My hands on with the HoloLens 2 last week left me thinking I had experienced the future of computing. However, it reaffirmed my concern that Microsoft is vulnerable in terms of its leadership in the space.
The design of the HoloLens 2 itself reveals the source of some of this consternation. To achieve better balance on the head, Microsoft has moved the computing and battery components to the rear of the device. That makes a lot of sense; there's no need for them to be weighing down the front of the device. That said, there's an argument that it should not be weighing down the device at all. Indeed, promising but lumbering Magic Leap has reassigned such electronics to a puck designed to be worn on one's waist, enabling the head-mounted part of its device to be as light as possible.
Magic Leap, though, represents but one of the potential challengers to Microsoft, and a long shot at that. Indeed, while Microsoft has shipped a relatively small number of HoloLens headsets, it reaching a second generation is milestone given the long history of industry setbacks including Google Glass, the scuttling of Intel's Vaunt project and recent layoffs at smart glasses startup North.
Indeed, if one were to discount specialized hardware for a moment and simply look at developers' consumer opportunity, it's clearly with Apple. Recent rumors that its AR headset could materialize as soon as the end of this year would align with three opportunities. The first two of these are continued improvements to ARKit that could be announced as this year's WWDC event and the introduction of a new iPhone that represents another leap in processor generations for Apple.
The third would be adoption of a nascent short-range wireless technology that is part of the Wi-Fi 6 standard: 802.ax. The latest iteration of the long-simmering 60 GHz Wi-Fi variant once known as WiGig, 802.11ax promises to enable short-range virtually latency-free mutligigabit data transfer between devices and remote video displays. This is a capability tailored for technologies such as VR and AR, one that should yield a far more satisfying experience than the VR smartphone shells such as Samsung's Gear VR and Google's Daydream or the PC-tethered options from the likes of Lenovo and Acer using Microsoft's approach.
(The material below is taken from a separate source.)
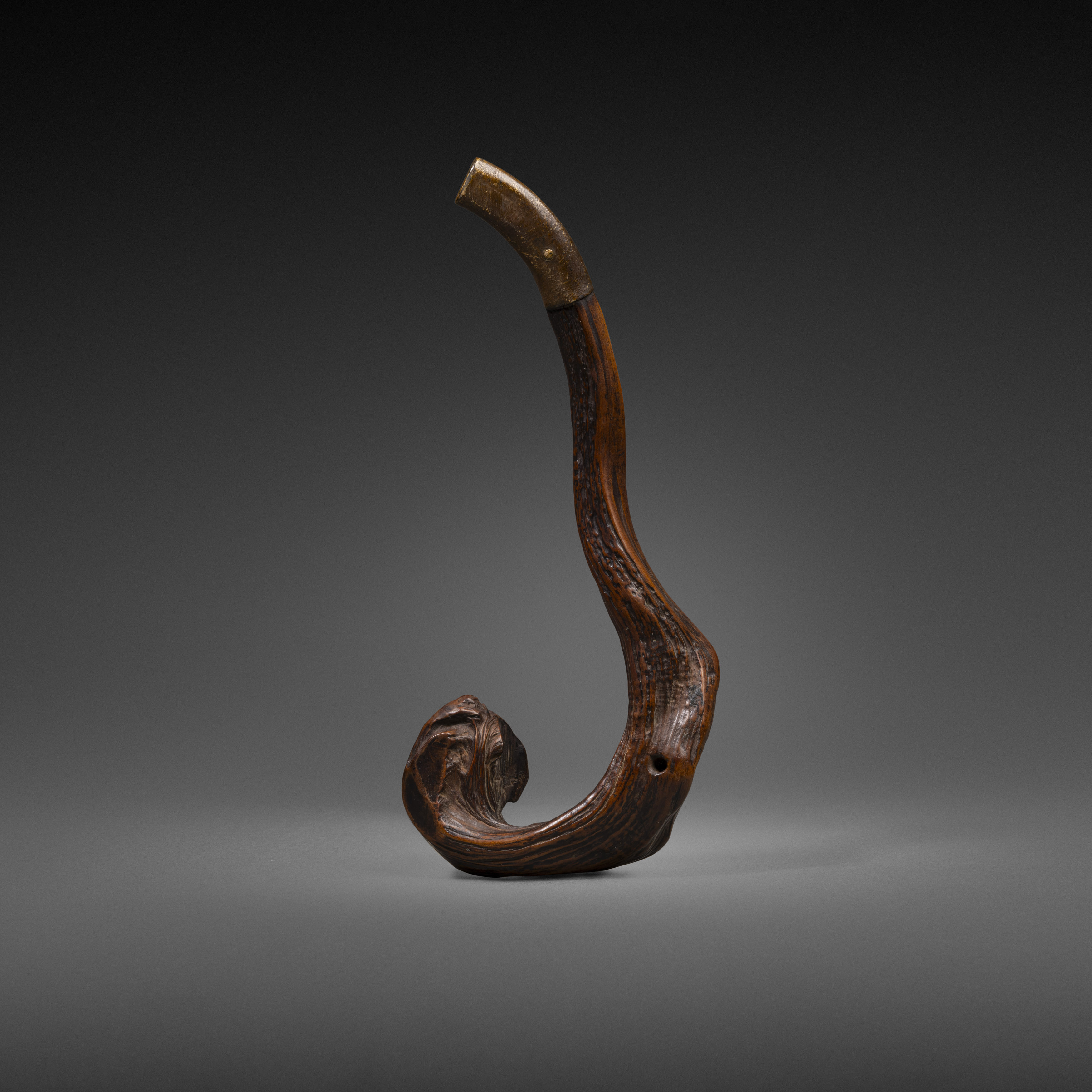 A gnarled, Burwood pipe holder with a copper finial clasp in the form of a crashing wave.

Also: Microsoft HoloLens 2: Everything developers and IT pros need to know TechRepublic
Without anticipating any further innovations than these, an Apple AR headset paired with a next-gen iPhone could yield a significant pricing advantage. It would have considerable headroom to compete with the HoloLens 2 even with the sunk cost of a an iPhone coming in at about $1,000. It's the most obvious kind of product that would fulfill newly rebranded CEO "Tim Apple"'s promise of pipeline products to "blow you away."
At least in the short-term, this would hardly be a death blow to Microsoft's HoloLens efforts. In fact, the company not only seems to accept such imminent competition but is anticipating it. This is evident in its embrace of cross-platform mixed reality experiences that an Apple headset would presumably slide into as well as a greater focus on the cloud infrastructure and business application development around mixed reality than on the HoloLens hardware business itself. It might be tough for Microsoft to see yet another technology category it entered early ultimately made a hit by its longtime rival. However, at least this time the company's success metrics aren't contingent on it being the device unit volume leader, a position in which it has never found a sustained footing.